What's nice about fast food is that it is in fact, fast. Busy people love it because it doesn't take up much of their valuable time. After a late night, people love it because the grease tastes extra delicious. Everyone loves it because it's cheap.
Unfortunately, some people see fast food restaurants to be solely made to serve them. It's purpose is to have cheap, tasty food, ready to go in under two minutes after entering the restaurant. Their only focus is to be served with no concern of the people who are serving them, or establishment itself.
Baked Potato: The extremely high or drunk young lad who is an obvious wreck. We will cautiously keep an eye on them so that they're not throwing up in the middle of the dining room. When they order, they forget what they have said already, "Tomato, Cheese...NO! What are you doing? I didn't say cheese!" ...yes, you did. Get a sober friend to help you so I don't have to go through this with you.
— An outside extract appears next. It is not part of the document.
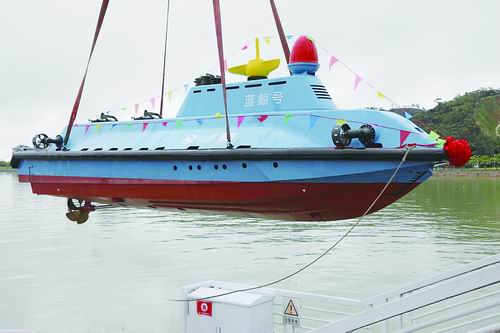 可潜无人艇是将水面高速艇与水下潜器相结合的一种新船型。“蓝鲸号”长11米、排水量12吨,水面航速达30至40节,水面续航达数百公里,可实现数十米深的下潜和水下航行,能在水下静态悬浮一个多月,随时响应突发任务。
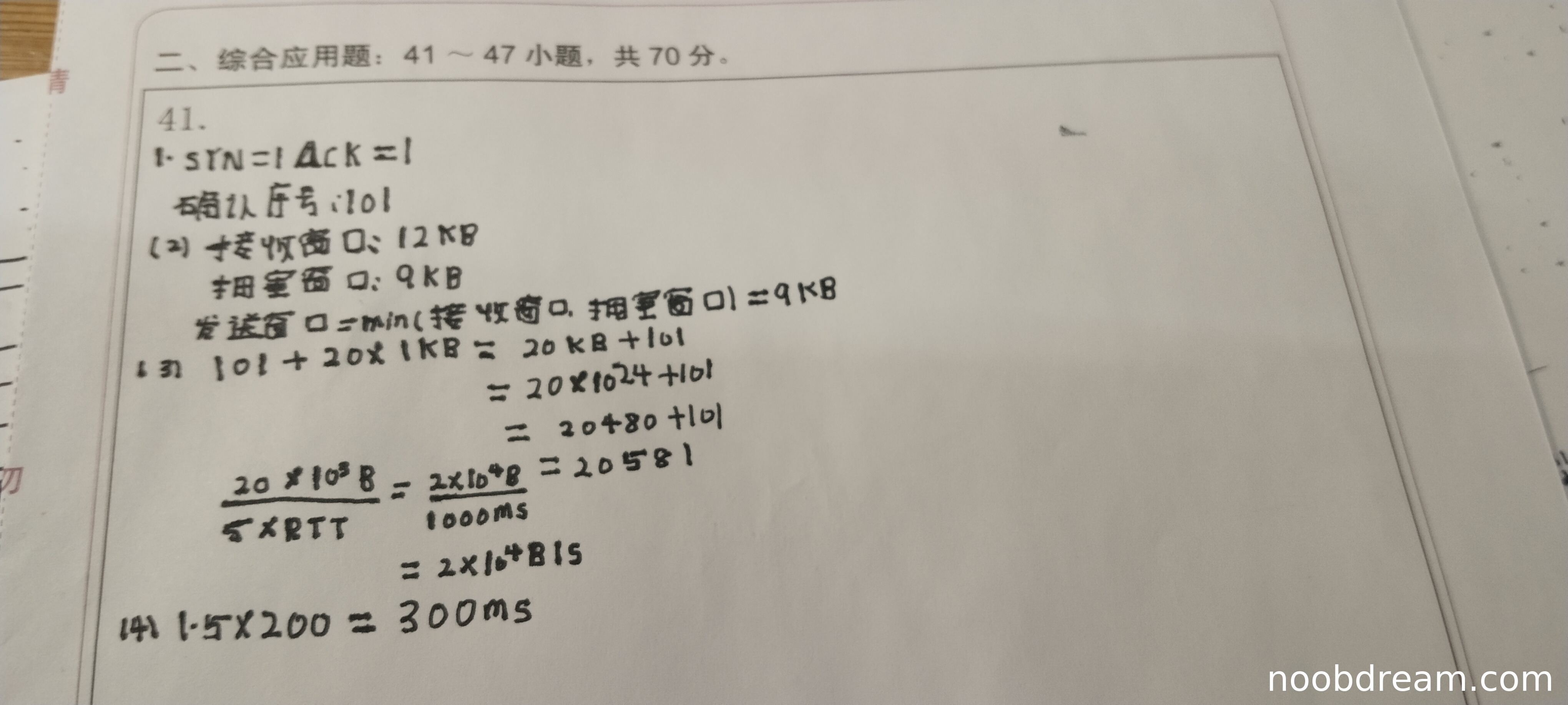 学生答案给出了下一个待发送段的序号为20581,与标准答案一致。但在计算平均数据传输速率时,答案中出现了“2×10^{4}B/s”的表述,这与标准答案的20.48 kbps(即20480 bps或2560 B/s)在数值和单位上均不符,属于逻辑错误。因此,序号部分正确,速率部分错误。序号部分占1分,速率部分占1分,扣1分。得1分。

Too Nice: The group of people who come in and ask, "How are YOU today? Are you having a great day? Yeah?" with a big, fake smile on their face, as all of their friends giggle. These people are saying nice things, but really they're just messing with you and they become one of the top 10 worst parts of your day.
Uhhhh: The person who doesn't understand that fast food is meant to be fast. I understand if you can't see the menu until you get to the register, but if there is a long line and you have been staring at the menu since you walked in, then you should definitely know what you want by the time you get to the front to order. My job is to make the line go by quickly. People standing and taking their time not only irritates me, but also it irritates everyone in line behind them.
The Normal Human Beings: Don't get me wrong, most of the people who come in are perfectly normal, nice people. These are the people who say "please" and "thank you" because they were raised with proper manners. Trust me, manners go a long way after a group of people who don't even bother to look you in the eye when talking to you.
Chatty Cathy: Yes. Please continue to talk or text on the phone while you order. I love it when people are too busy texting on their phone to answer whether they want chips or a drink with that. The world and everyone's time will be put on hold just for you, princess.
Mr. Demands: This person doesn't have time to answer, "Hi, how are you today?" when they come up to the front of the line. They don't care about anything but ordering their food, and when I say ordering, I mean ORDERing. The person goes down the front line, stating everything he or she wants, and when it isn't to their satisfaction, they would simply state "more". No "please" no "thank you". They don't have time for a full sentence.
My Saviors: The more than perfect customer is hard to find but they exist. They smile, speak calmly but efficiently. They know what they want and fly through the line with ease. They treat you like a fellow human being, and believe it or not, that's really nice.